Stored records:
● ● ●
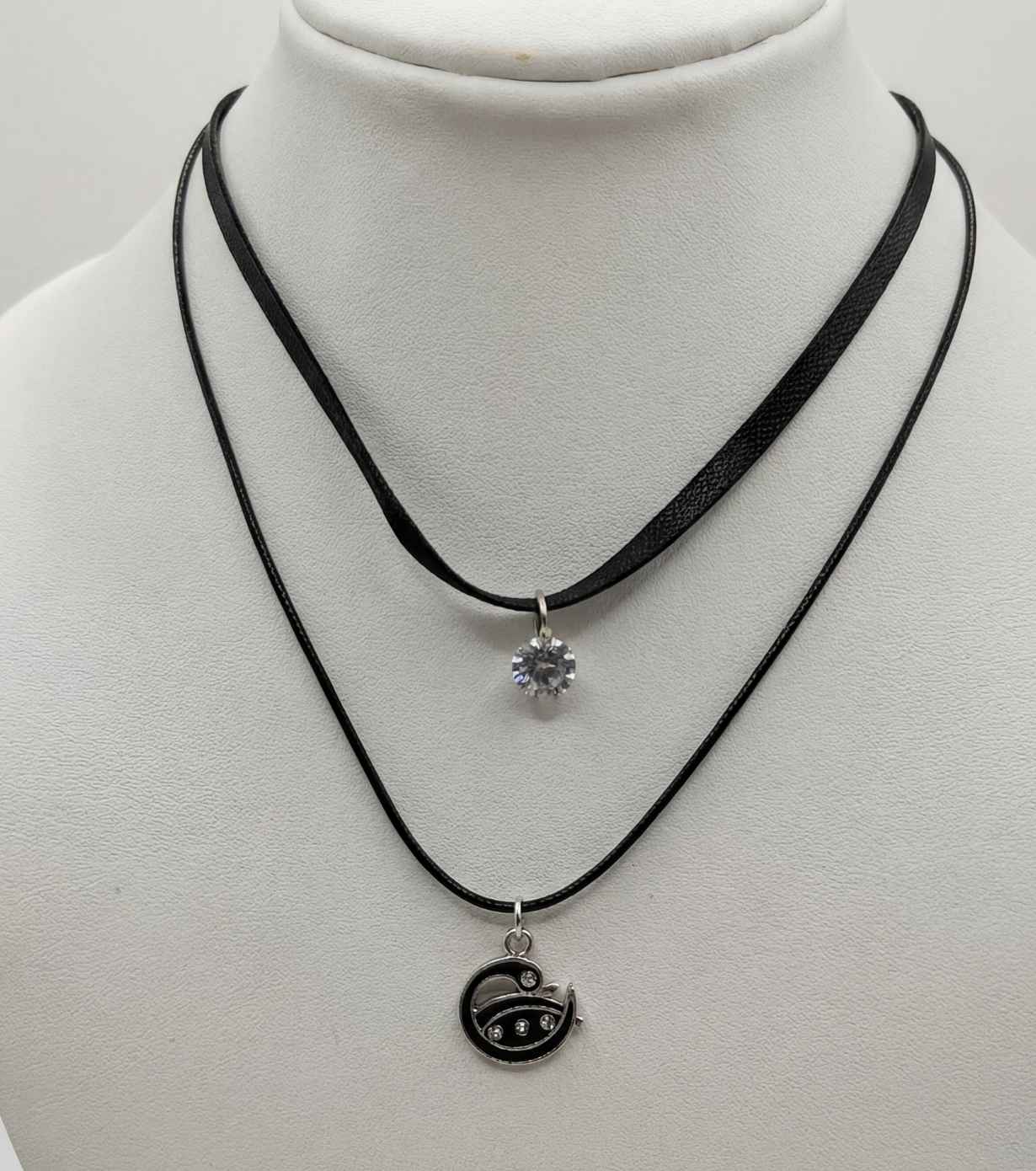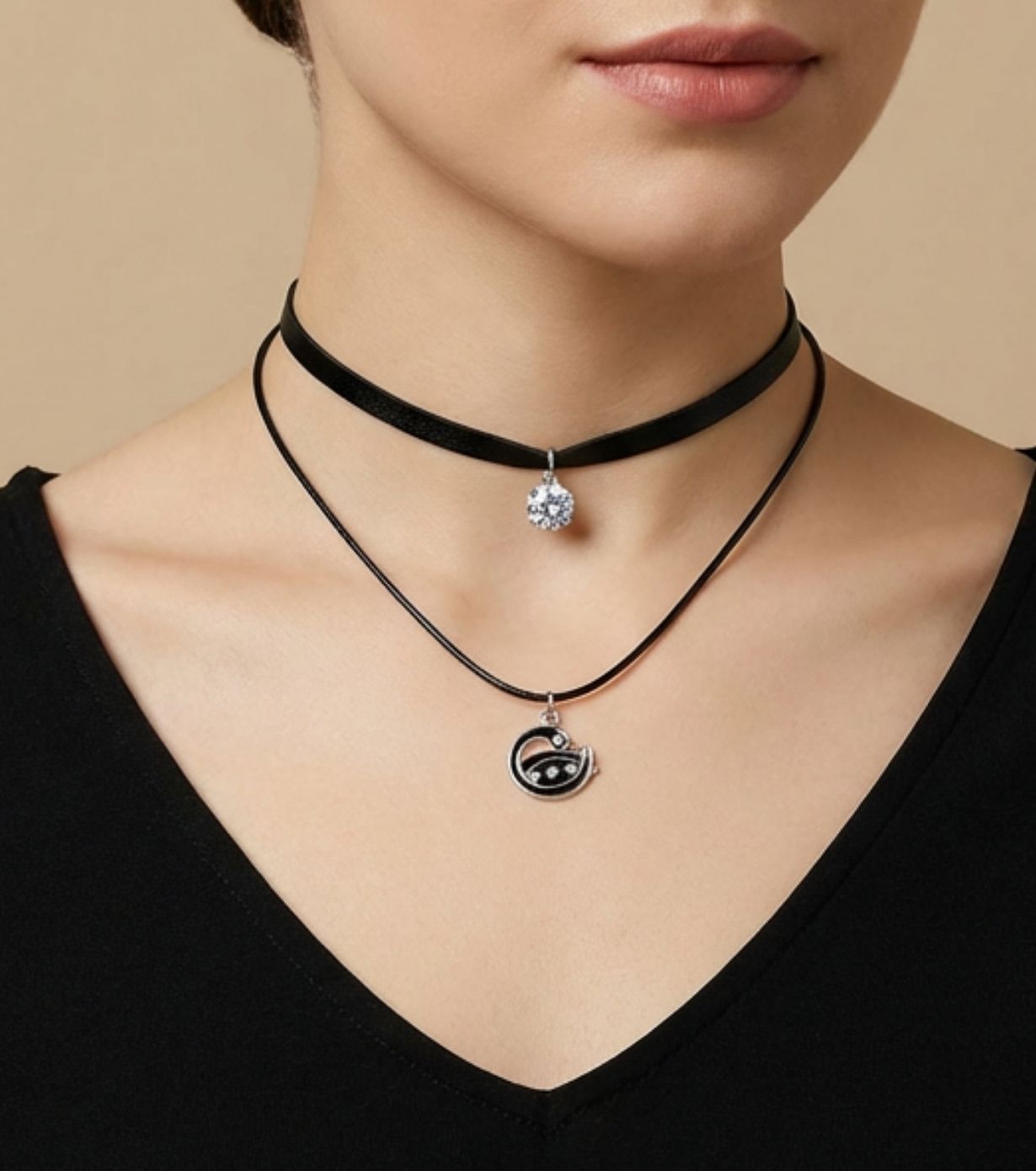 Elevate your everyday style with this Black Layered Choker Necklace featuring a Crystal Charm and Abstract Swirl Pendant. The top layer showcases a brilliant round crystal that adds a subtle sparkle, while the lower layer features a modern circular swirl pendant with embedded stones for a sleek, artistic look.
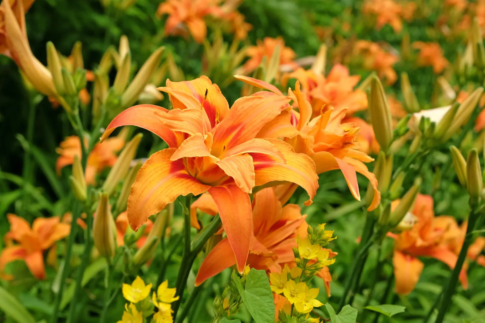 Liliowce słyną z tego, że każdy kwiat kwitnie tylko jeden dzień – ale jest ich tyle, że roślina kwitnie tygodniami. Występują w niezliczonej liczbie odmian i kolorów – od żółci po purpurę. Wymagają regularnego podlewania i żyznego podłoża, ale odwdzięczają się spektakularnym efektem.
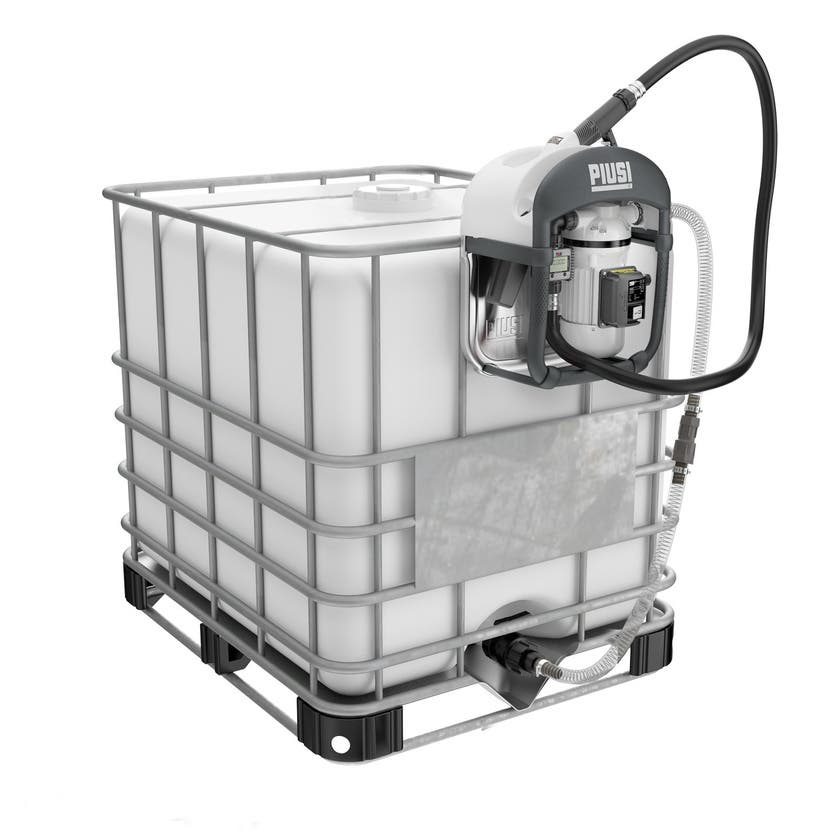 Självsugande membranpump, vilket innebär att den inte behöver fyllas med vätska före start. Pumpen har utformats för att enkelt kunna flyttas från en IBC till en annan. Alla komponenter i och runt pumpen är anpassade för att tåla AdBlue. Pumpen är försedd med automatiskt pistolhandtag som slår av när tanken är full. Den är också utrustad med flödesmätare. Pistolhandtaget är konstruerat så att pipen går av vid kraftiga ryck i slangen. Tack vare denna konstruktion kan man byta pip istället för att kassera hela handtaget. Alla komponenter i och runt pumpen är anpassade för att tåla urea.
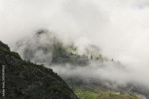 Clouds cover tall trees and a lush landscape on the side of a mountain.; Inside Passage, Alaska
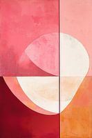 Een strak geometrisch kunstwerk in warme roze, rode en terracotta tinten, waarin halve cirkels en lijnen een harmonisch samenspel vormen. De compositie straalt rust en balans uit door het gebruik van zachte kleurovergangen en de symmetrische verdeling van de vormen. Het moderne minimalistische ontwerp heeft een kalmerend effect en brengt tegelijk dynamiek door de speelse plaatsing van de geometrische elementen.
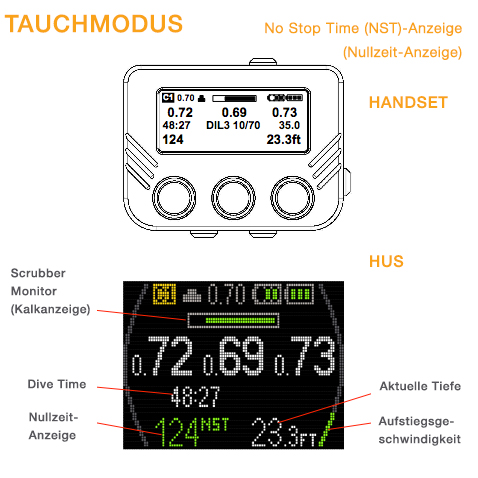 - Rebreatherstatus in Sichtweite - während des gesamten Tauchgangs
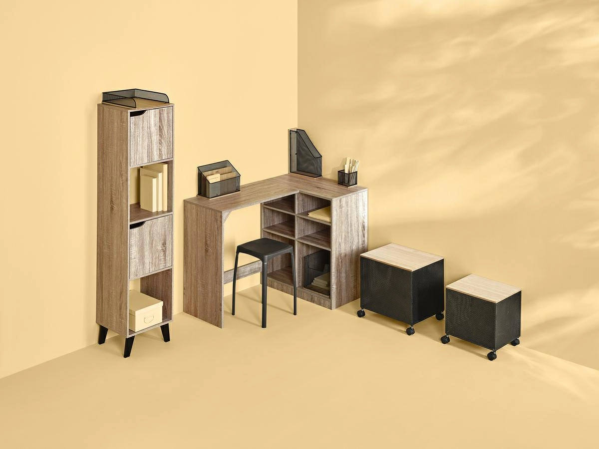 Knihovna Ceda ze stejnojmenné kolekce je elegantní kus nábytku ideální do každé domácnosti. Má poutavý design s černými šikmými nohami, které krásně kontrastují s povrchovou úpravou z dubové dýhy. Knihovna je vyrobena z MDF s realistickým vzhledem dubu a nabízí cenově dostupnou alternativu k nábytku z masivního dřeva. Knihovna nabízí dvě skříňky se stylovými vyfrézovanými výřezy místo klasických úchytek, které umožňují snadný přístup ke všem vašim cennostem.
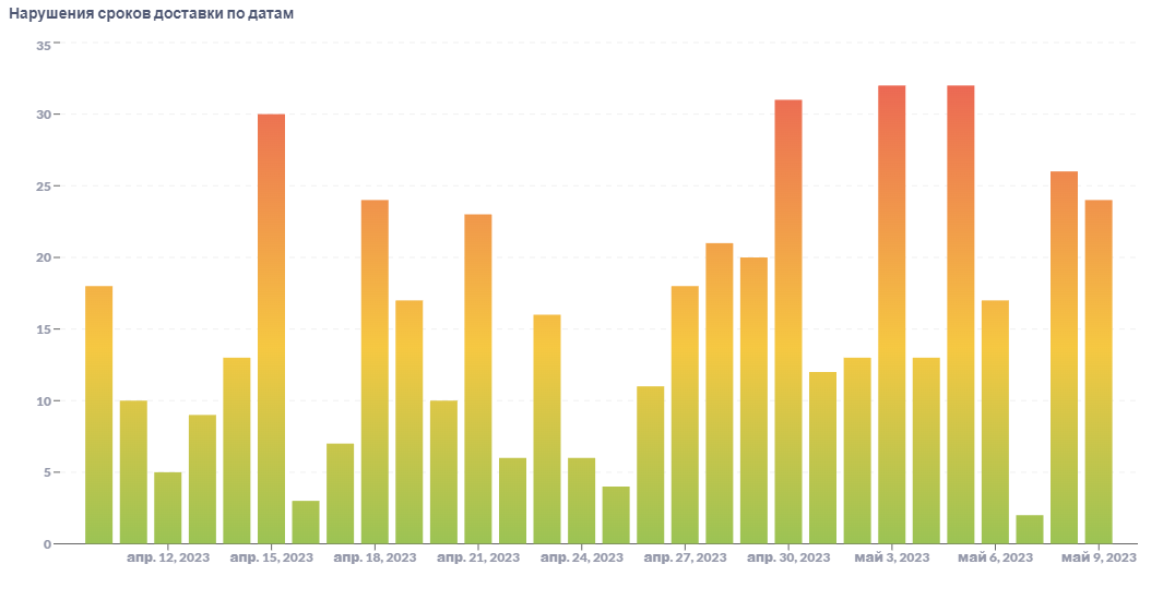 - «Нарушение сроков доставки по датам» - график, отображающий все нарушения сроков доставки по датам по заказам с градиентом.
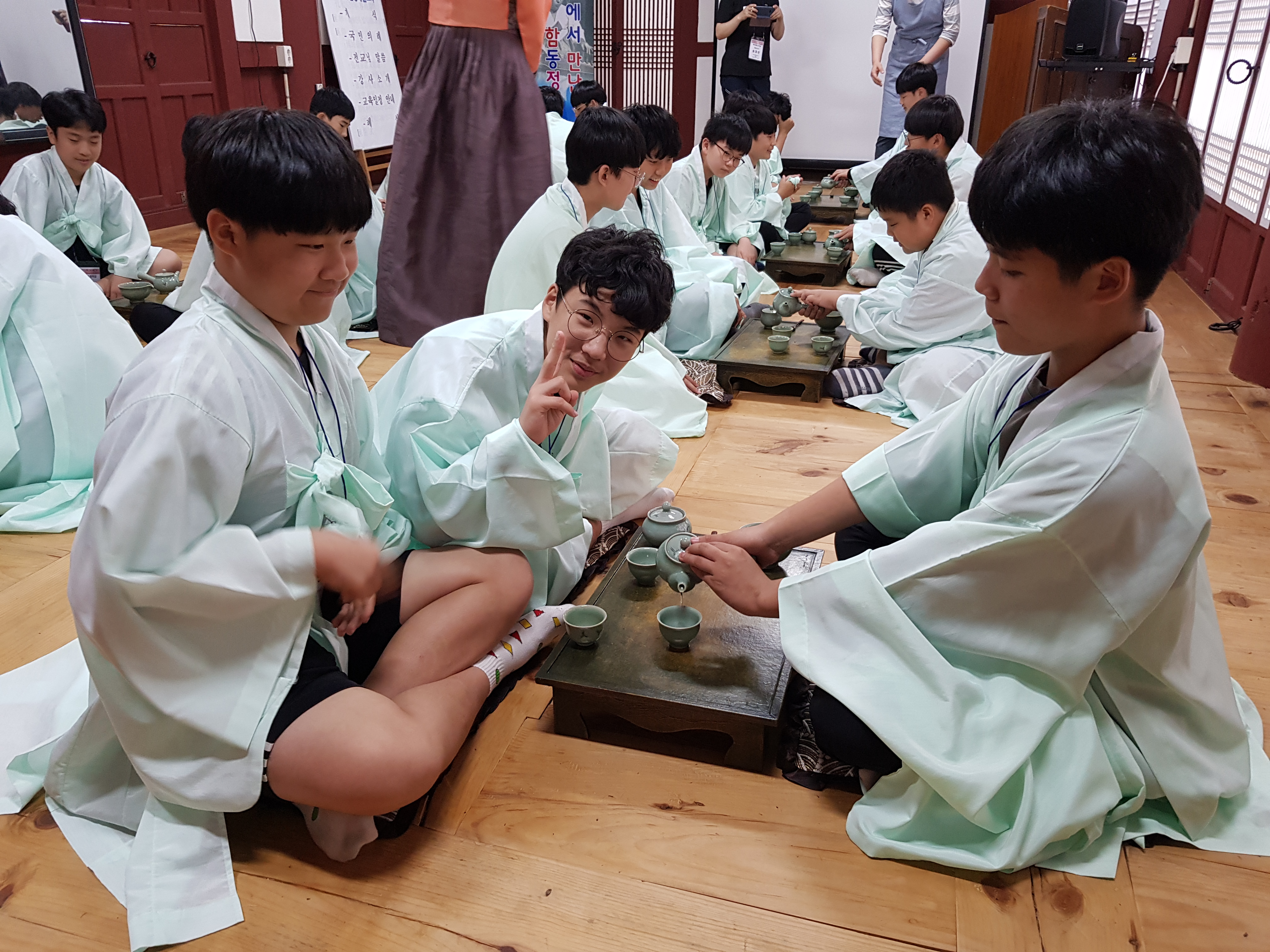 옷을 입으니 친구들이 차분하게 다도를 즐기는 모습입니다.
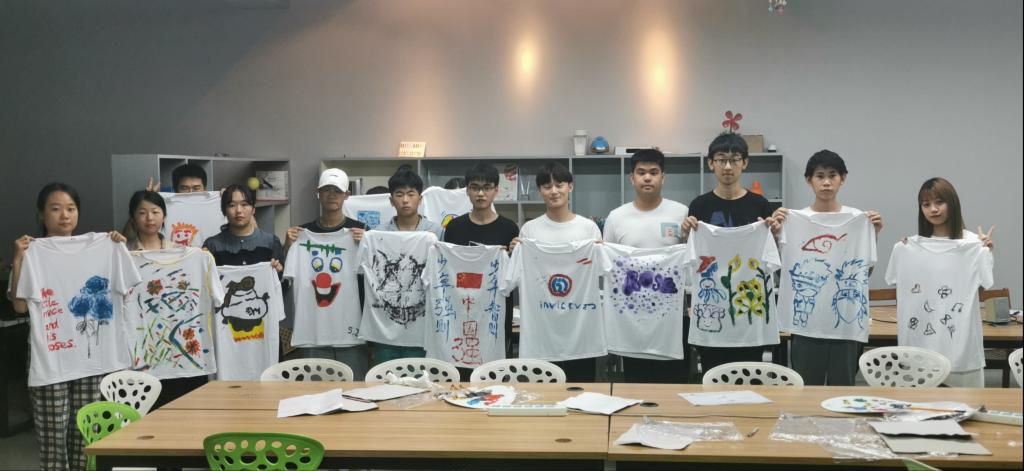 活动开始,同学们立刻投入到构思、打稿中,几分钟后,原本白色的T恤衫上便呈现出各种各样颇具创意的底稿。颜料在T恤衫上泼洒、画笔在空中挥舞,一件件白T在同学的奇思妙想下变得生动有趣。同学们用自己的双手与灵感DIY出只属于自己的个性T恤,在短短的时间内勾勒出自己的心中所想,每个图案,每个文字,都源自内心,始于创意。
● ● ●
■ **WORK REQUEST**
With pictures excluded, reproduce exactly the lines above from the one containing "Clouds cover tall" down to the one containing "Knihovna Ceda ze", those two included.

■ **PROBLEM SOLUTION**
 Clouds cover tall trees and a lush landscape on the side of a mountain.; Inside Passage, Alaska
 Een strak geometrisch kunstwerk in warme roze, rode en terracotta tinten, waarin halve cirkels en lijnen een harmonisch samenspel vormen. De compositie straalt rust en balans uit door het gebruik van zachte kleurovergangen en de symmetrische verdeling van de vormen. Het moderne minimalistische ontwerp heeft een kalmerend effect en brengt tegelijk dynamiek door de speelse plaatsing van de geometrische elementen.
 - Rebreatherstatus in Sichtweite - während des gesamten Tauchgangs
 Knihovna Ceda ze stejnojmenné kolekce je elegantní kus nábytku ideální do každé domácnosti. Má poutavý design s černými šikmými nohami, které krásně kontrastují s povrchovou úpravou z dubové dýhy. Knihovna je vyrobena z MDF s realistickým vzhledem dubu a nabízí cenově dostupnou alternativu k nábytku z masivního dřeva. Knihovna nabízí dvě skříňky se stylovými vyfrézovanými výřezy místo klasických úchytek, které umožňují snadný přístup ke všem vašim cennostem.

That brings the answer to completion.